OpenReview Score: 6.5 Download Report PDF

rubricschecklistspost-trainingreward hackingreinforcement learning

Rubrics provide a flexible way to train LLMs on open-ended long-form answers where verifiable rewards are not applicable and human preferences provide coarse signals. Prior work shows that reinforcement learning with rubric-based rewards leads to consistent gains in LLM post-training. Most existing approaches rely on rubrics that remain static over the course of training. Such static rubrics, however, are vulnerable to reward-hacking type behaviors and fail to capture emergent desiderata that arise during training. We introduce Online Rubrics Elicitation (OnlineRubrics), a method that dynamically curates evaluation criteria in an online manner through pairwise comparisons of responses from current and reference policies.
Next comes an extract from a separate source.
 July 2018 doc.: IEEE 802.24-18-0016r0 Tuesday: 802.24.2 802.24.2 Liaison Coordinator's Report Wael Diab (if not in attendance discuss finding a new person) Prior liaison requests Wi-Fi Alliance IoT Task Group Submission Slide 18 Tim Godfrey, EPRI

This online process enables continuous identification and mitigation of errors as training proceeds. Empirically, this approach yields consistent improvements of up to 8% over training exclusively with static rubrics across AlpacaEval, GPQA, ArenaHard as well as the validation sets of expert questions and rubrics. We qualitatively analyze the elicited criteria and identify prominent themes such as transparency, practicality, organization, and reasoning.

Abstract:

Disclaimer

This report is AI-GENERATED using Large Language Models and WisPaper (A scholar search engine). It analyzes academic papers' tasks and contributions against retrieved prior work. While this system identifies POTENTIAL overlaps and novel directions, ITS COVERAGE IS NOT EXHAUSTIVE AND JUDGMENTS ARE APPROXIMATE. These results are intended to assist human reviewers and SHOULD NOT be relied upon as a definitive verdict on novelty.

NOTE that some papers exist in multiple, slightly different versions (e.g., with different titles or URLs). The system may retrieve several versions of the same underlying work. The current automated pipeline does not reliably align or distinguish these cases, so human reviewers will need to disambiguate them manually.
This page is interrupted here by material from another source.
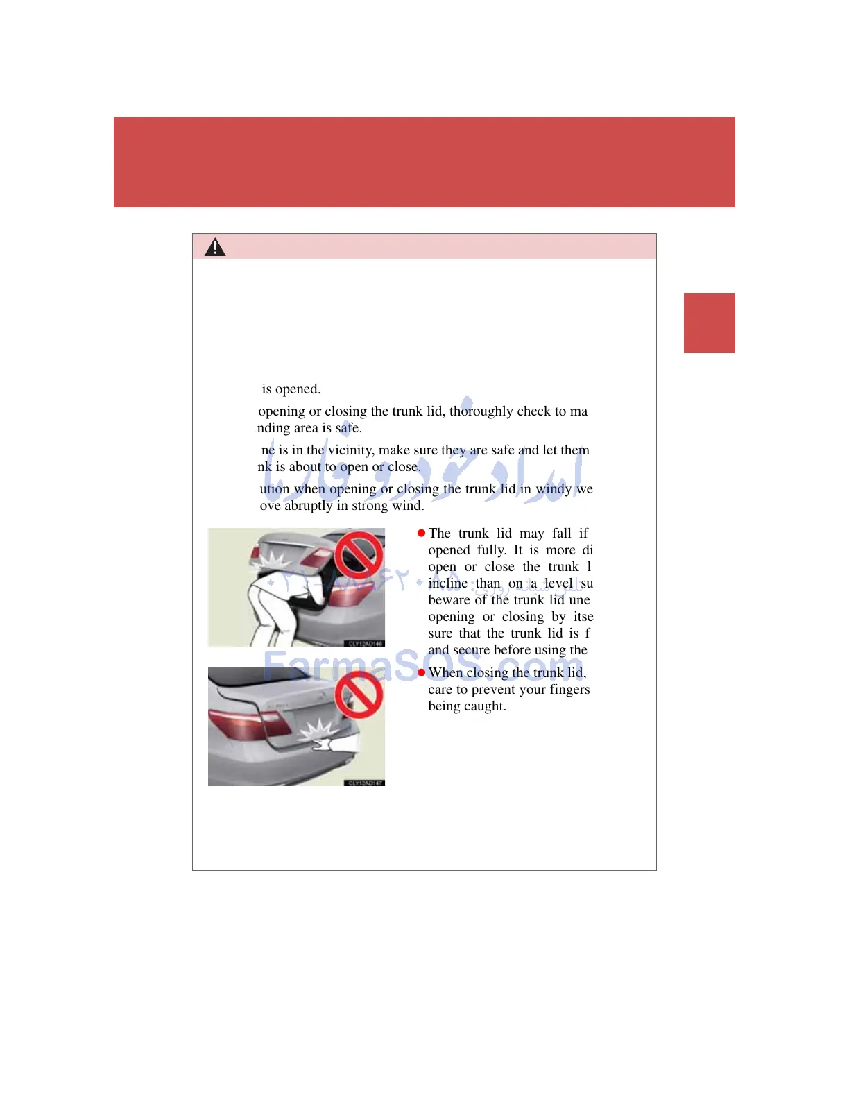 opening it. Failure to do so may cause the trunk lid to fall closed again

If you have any questions, please contact: mingzhang23@m.fudan.edu.cn

Overview

Overall Novelty Assessment

The paper introduces OnlineRubrics, a method for dynamically eliciting evaluation criteria during reinforcement learning by analyzing pairwise comparisons between current and reference policy outputs. It resides in the 'Online Rubric and Criteria Elicitation' leaf of the taxonomy, which contains only two papers total. This places the work in a relatively sparse research direction within the broader field of dynamic and adaptive reward modeling, suggesting that online rubric generation during training remains an underexplored area compared to static reward modeling approaches.
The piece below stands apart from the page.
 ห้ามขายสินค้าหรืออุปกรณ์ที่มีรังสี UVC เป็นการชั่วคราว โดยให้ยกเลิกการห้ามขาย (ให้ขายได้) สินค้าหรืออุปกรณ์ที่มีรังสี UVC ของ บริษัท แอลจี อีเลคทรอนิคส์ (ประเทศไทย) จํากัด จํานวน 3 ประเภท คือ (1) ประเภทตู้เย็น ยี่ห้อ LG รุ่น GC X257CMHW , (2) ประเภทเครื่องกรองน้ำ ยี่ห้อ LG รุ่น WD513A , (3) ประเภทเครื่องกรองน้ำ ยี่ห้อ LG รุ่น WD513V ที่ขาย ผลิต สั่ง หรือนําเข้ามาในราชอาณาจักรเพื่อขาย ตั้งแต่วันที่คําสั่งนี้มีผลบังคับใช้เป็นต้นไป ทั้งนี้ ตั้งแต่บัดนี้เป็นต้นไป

The taxonomy reveals that the paper sits within 'Dynamic and Adaptive Reward Modeling,' which contrasts with neighboring branches like 'Pairwise Preference-Based Reward Modeling' (static Bradley-Terry models) and 'Generative and Rule-Based Reward Modeling' (fixed rule extraction). The sibling paper in the same leaf, OpenRubrics, also targets rubric generation but differs in temporal dynamics emphasis. Adjacent leaves include 'Adaptive Preference Learning and Model Refinement' (iterative reward updates) and 'Static Rubric and Rule-Based Reward Generation' (fixed criteria extraction), highlighting the paper's focus on continuous, online elicitation rather than one-shot or static approaches.

Among 23 candidates examined across three contributions, none were found to clearly refute the proposed work. The core OnlineRubrics method examined 10 candidates with zero refutable overlaps, the dataset contribution examined 3 candidates with no refutations, and the formal gradient variance motivation examined 10 candidates with no refutations. This limited search scope suggests that within the top semantic matches and citation expansions analyzed, no prior work directly anticipates the combination of online rubric elicitation with pairwise comparison-driven criteria discovery during RL training.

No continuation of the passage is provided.